Because capitalism cannot simply renounce nuclear energy in the short term. A system which is congenitally productivist cannot abandon the growth of material production, thus of increasing inroads on natural resources. The relative progress of efficiency in the use of these resources is real, but more than compensated by the absolute increase in production. Given the other threat which weighs –that of climate change, given the physical and political tensions (the revolutions in the Arab-Muslim world!) which weigh on the supply of fossil fuels, the question of energy is truly the squaring of the circle for this bulimic system.

Dare for the impossible, dare for another society!

Definitively, the only realistic solution is to dare for the impossible: to advance the perspective of a society which does not produce for profit but for the satisfaction of real human needs (not alienated by the commodity), democratically determined, in the prudent respect of natural limits and the functioning of ecosystems. A society where, basic needs being satisfied, human happiness will be measured against a yardstick of that which forms the substance of it: free time. Time to love, play, enjoy, dream, collaborate, create, learn.
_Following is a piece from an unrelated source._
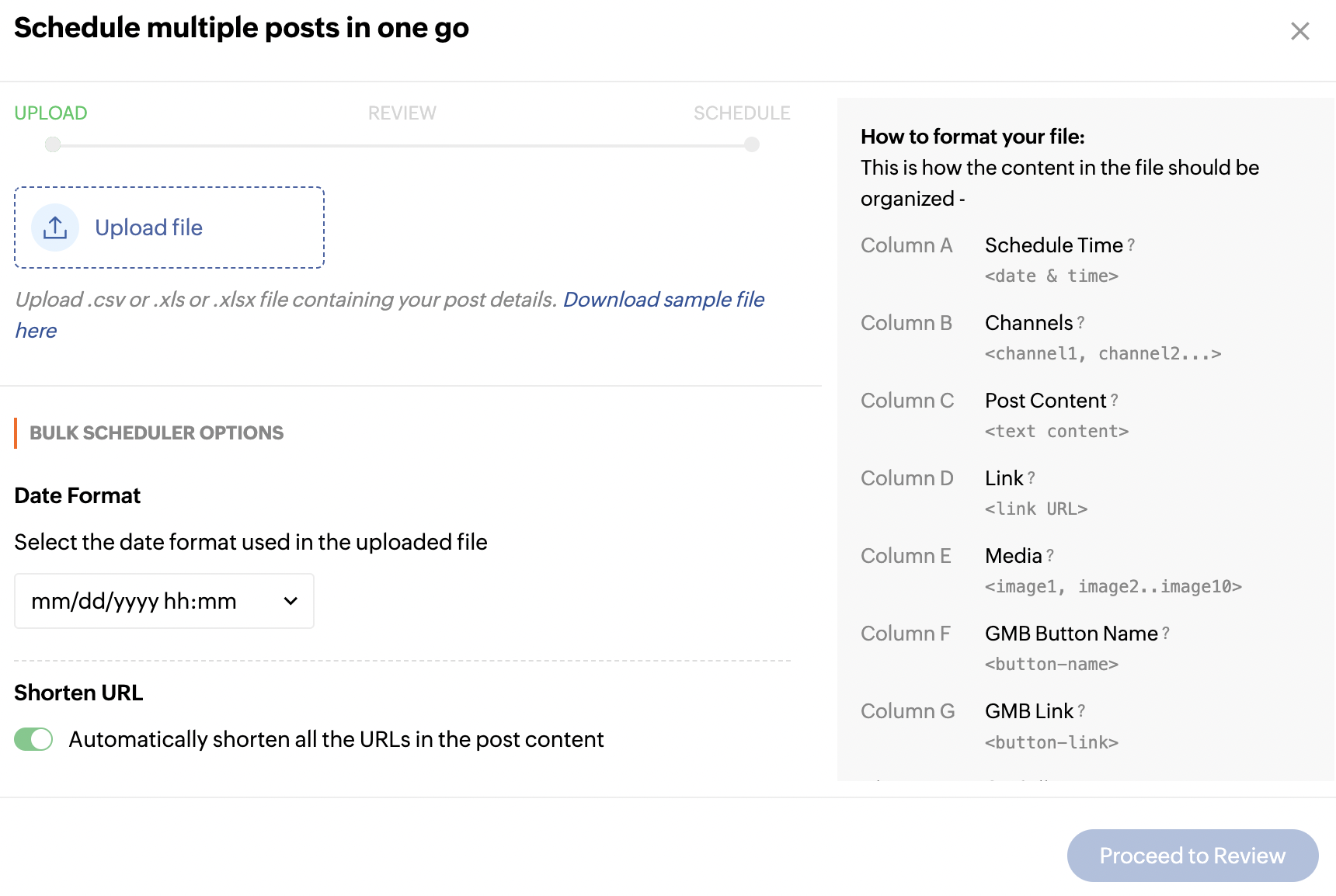 You can bulk schedule posts for all connected social channels by uploading a single spreadsheet on the Bulk Scheduler. You don't have to create separate spreadsheets for each social channel.

The road to this indispensable alternative does not rely only on individuals carrying out in ecologically responsible behaviour (indispensable though such behaviour is), but on the collective and political struggle for ambitious but perfectly realisable demands, such as:

— the radical and collective reduction of working time, without loss of wages, with compensatory hiring and drastic reduction of speed of work. It is necessary to work less and produce less;

— the suppression of the incredible mass of useless or harmful production, aimed at artificially swelling markets (obsolescence of products), or to compensate for the human misery of our existence, or to repress those who revolt against the latter (the manufacture of arms). With reconversion of workers employed in these sectors;

— the nationalisation without compensation of the energy and finance sectors. Energy is a common good of humanity. Its collective reappropriation, breaking with the imperatives of profit, is the indispensable condition for an energy transition which is just, rational and rapid towards renewable sources. This transition will also demand considerable resources, which justifies amply the confiscation of the assets of the bankers, insurers and other capitalist parasites;

— the radical extension of the public sector (free quality public transport, public undertaking of housing insulation and so on) and an equally radical withdrawal from the commodity and from money: free basic goods like water, energy, bread, up to a level corresponding to a reasonable consumption.

Capitalism is a system of death. Fukushima should increase our desire for an eco-socialist society, the society of producers freely associated in the prudent and respectful management of our beautiful planet Earth. There is only one of them.